Lesley Jacobs
Distinguished Scholar; Fulbright Visiting Research Chair in Canada-United States Relations
Professional Affiliation
Director and Professor, Law and Society/Political Science and Institute for Social Research, York University, Canada.
Expert Bio
Les Jacobs is Professor of Law & Society and Political Science and Director of the Institute for Social Research at York University. He is also the past Executive Director and now Senior Research Fellow of the Canadian Forum on Civil Justice, a pan-Canadian access to justice NGO housed at Osgoode Hall Law School. Currently, he is the Fulbright Research Chair at the Woodrow Wilson Center, Smithsonian Institution, Washington, D.C. He completed his PhD at Oxford University. He has also held a range of visiting appointments including at University of California, Berkeley, Harvard Law School, University of British Columbia, Wolfson College, Oxford, Emory University, Waseda Law School, and the Law Commission of Canada. He is the author of numerous books including Rights and Deprivation (Oxford University Press, 1993, ebook edition 2012), The Democratic Vision of Politics (Simon & Schuster, 1997), Pursuing Equal Opportunities: The Theory and Practice of Egalitarian Justice (Cambridge University Press, 2004), Balancing Competing Human Rights in a Diverse Society (Irwin Law Books, 2012), Linking Global Trade and Human Rights: New Policy Space in Hard Economic Times (Cambridge University Press, 2014), and Privacy Rights in the Global Digital Economy: Legal Problems and Canadian Paths to Justice (Irwin Law Books, 2014).
Wilson Center Project
"The Impact of New Opportunities for International Legal Mobilization by Nonstate Actors on Canada-United States Relations: Mapping the Trans-Pacific Partnership"
Project Summary
The Trans-Pacific Partnership (TPP) is a proposed trade agreement between 12 pacific rim countries including both the United States and Canada.
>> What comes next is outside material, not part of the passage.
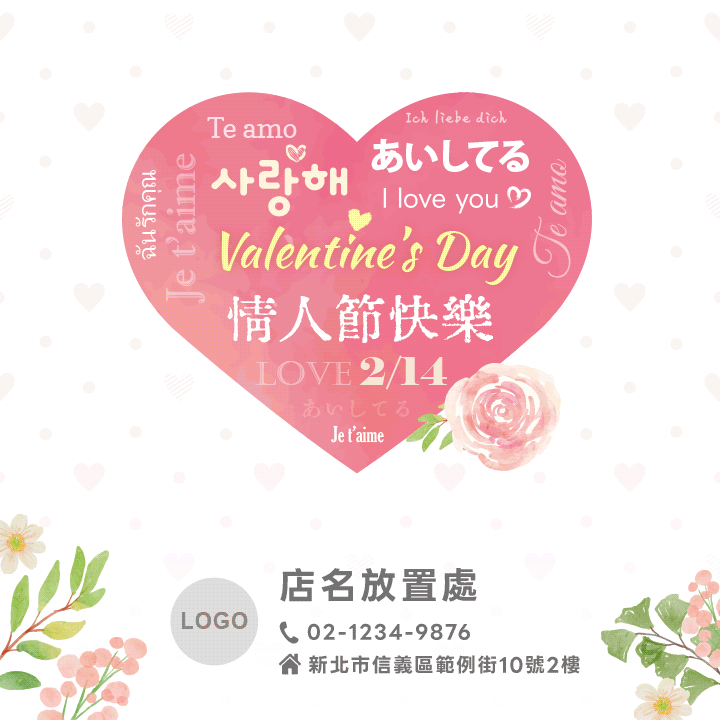 情人節公版文宣樣式提供給老闆參考。7、8、9為動態圖。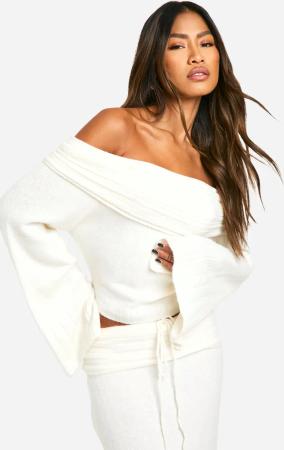 Weicher Gerippter Bardot-Pullover - Ecru - S, Ecru

TPP has the largest geographical reach of any trade agreement since the World Trade Organization. Non-state actors bring complaints before international dispute bodies created by trade agreements in order to address specific issues, improve their existing circumstances, and affect public policy space. NAFTA was a pioneer in international economic law by providing non-state actors with opportunities for legal mobilization. The idea that legal mobilization under NAFTA has impacted Canada-US relations is well recognized. TPP is likely to create new opportunities for international legal mobilization for non-state actors. The focus for the research project is on the impact of these new opportunities on Canada-US relations.
Major Publications
Linking Global Trade and Human Rights (Cambridge University Press, 2014)
Privacy Rights in the Global Digital Economy (Irwin Law Books, 2014)
Pursuing Equal Opportunities (Cambridge University Press, 2012)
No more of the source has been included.